BEGIN Exercise data
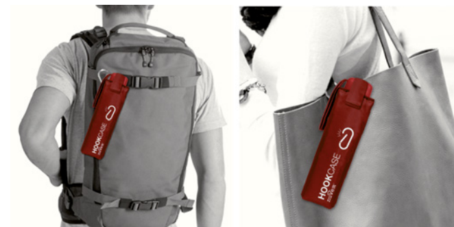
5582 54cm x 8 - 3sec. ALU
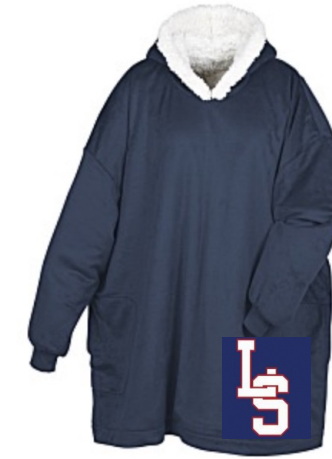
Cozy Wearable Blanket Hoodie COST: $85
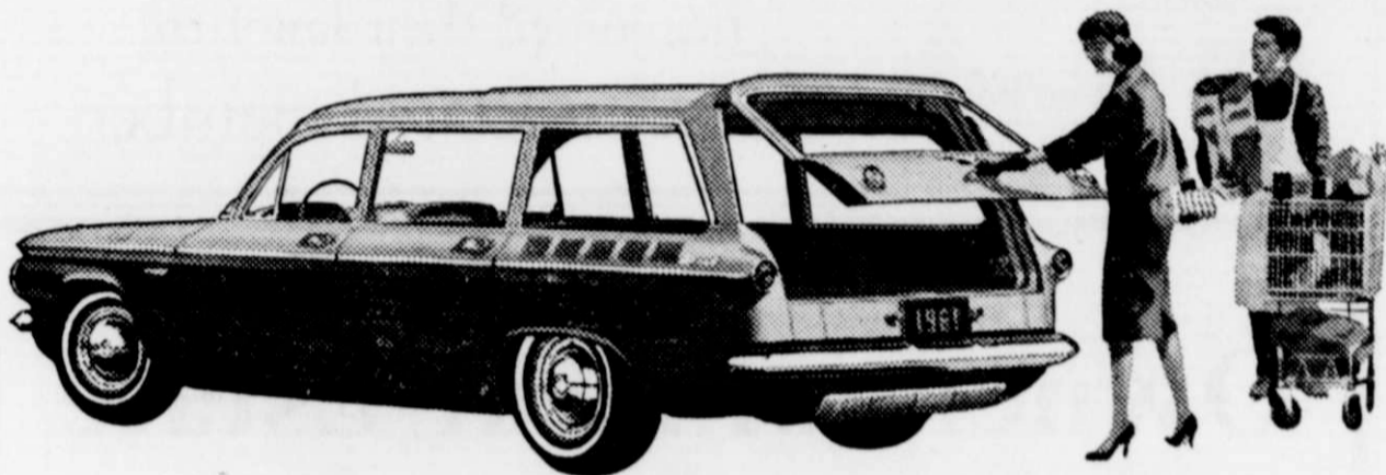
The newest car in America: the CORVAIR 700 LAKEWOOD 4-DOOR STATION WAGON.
END Exercise data
BEGIN Exercise data
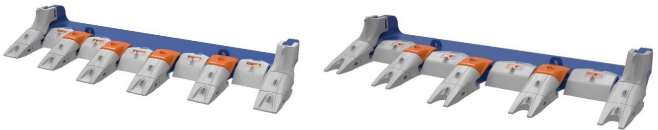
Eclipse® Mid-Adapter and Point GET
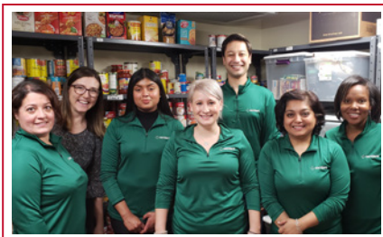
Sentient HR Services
END Exercise data
## Task details
From the material above, give again exactly the lines from the one that contains "Cozy Wearable Blanket Hoodie COST: $85" through the one that contains "The newest car", and leave out the pictures.

## Solution to this problem
Cozy Wearable Blanket Hoodie COST: $85
The newest car in America: the CORVAIR 700 LAKEWOOD 4-DOOR STATION WAGON.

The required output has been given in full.